We can also consider this algebraically. Like absolute value equations, we have two possibilities. One is the interval on the right where the numbers are more than 1 unit to the right. The other is the interval on the left where the numbers are more than 1 unit to the left.
::我们也可以考虑这个代数。和绝对值方程式一样, 我们有两种可能性。一种是右边的间隔, 数字在右边超过1个单位。另一种是左边的间隔, 数字在左边超过1个单位。

\begin{aligned} | x | & > 1 \\ ↙ & ↘ \\ remove from bars x > 1 & x < - 1 switch and negate \end{aligned}

$\begin{align*}|x|&>1 \\ \swarrow &\searrow \\ \color{gray}{\text{remove from bars}} \qquad \color{black}{x>1} \ &\ \ x<-1 \qquad \color{gray}{\text{switch and negate}} \\\end{align*}$
::\\\\\\\\\\\\\\\\\\\\\\\\\\\\\\\\\\\\\\\\\\\\\\\\\\\\\\\\\\\\\\\\\\\\\\\\\\\\\\\\\\\\\\\\\\\\\\\\\\\\\\\\\\\\\\\\\\\\\\\\\\\\\\\\\\\\\\\\\\\\\\\\\\\\\\\\\\\\\\\\\\\\\\\\\\\\\\\\\\去去去去到\\\\\\\\\\\\\\\\\\\\\\\\\\\\\\\\\\\\\\\\\\\\\\\\\\\去去去去去去去去到\\\\\\\\\\\\\\\\\\\\\\\\\\\\\\\\\\\\\\\\\\\\\\\\\\\\\\\\\\\\\\\\\\\\\\\\\\\\\\\\\\\\\\\\\\\\\\\\\\\\\\\\\\\\\\\\\\\\\\\

Notice in the second inequality, we did not write $\begin{align*}x>-1\end{align*}$ . This possibility represents what happens when the expression inside the absolute value bars is negative.
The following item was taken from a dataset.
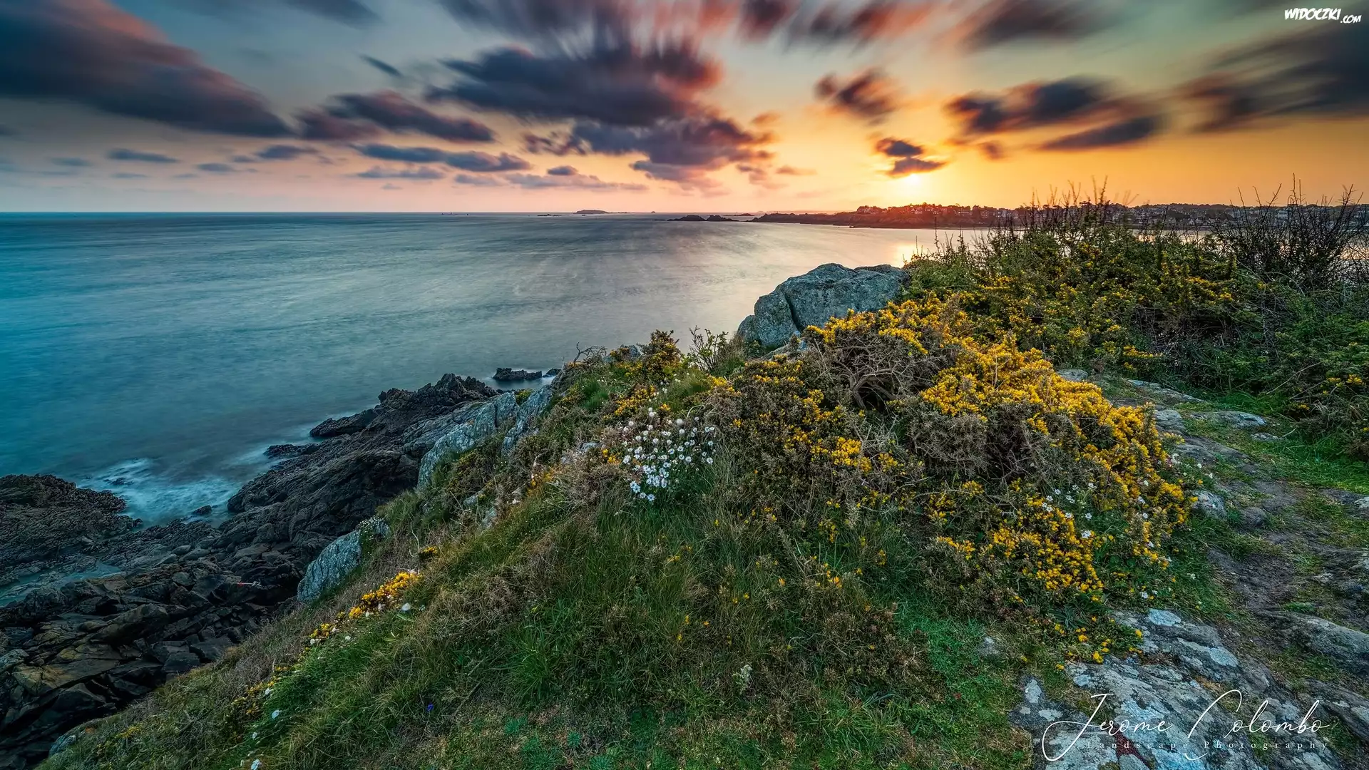 Morze, Wybrzeże, Skały, Roślinność, Bretania, Pointe de la Garde Guerin, Francja, Wschód słońca |

In general, for the first solution, we leave the inequality sign the same and for the second solution we need to negate the number AND switch the inequality sign. Also, note solutions to greater than inequalities are OR-type .
::在第二个不平等的警告中,我们没有写 x1。这种可能性代表绝对值栏内表达为负值时发生的情况。一般来说,对于第一个解决方案,我们让不平等的标志相同,对于我们需要否定数字和转换不平等标志的第二个解决方案,我们让不平等的标志相同。另外,注意的比不平等更大的解决方案是或类型。

Example 2
::例2

Solve and graph $\begin{align*}|x-3| \ge 4\end{align*}$ .
::解析和图表 *x-3*4。

Solution: Graphically, this inequality describes the distance between a number and 3, and that distance has to be more than 4 units or equal to 4 units. Our starting point is 3 and we have to consider numbers that are 4 units to the left and right of 3. That is the minimum distance from 3.
::解答: 图形化地说, 这种不平等描述数字与 3 之间的距离, 距离必须超过 4 个单位或等于 4 个单位。我们的起点是 3 个, 我们必须从 3 个单位的左边和右边考虑 4 个单位。这是 3 个单位的最小距离。

lesson content

The solution is $\begin{align*}(-\infty, -1] \cup [7,\infty)\end{align*}$ . Algebraically, we have two possibilities—one where you take the inequality out of the absolute value bars (represents your solution to the left) and one where you take the inequality out of the absolute value bars, switch the direction of the inequality, and negate the number (represents your solution to the right).
::答案是 (, -1) , , , , 。。代数, 我们有两种可能性: 一种是您将不平等从绝对值栏中取出( 代表您对左边的解决方案) ,另一种是您将不平等从绝对值栏中取出, 改变不平等的方向, 否定数字( 代表您对右方的解决方案 ) 。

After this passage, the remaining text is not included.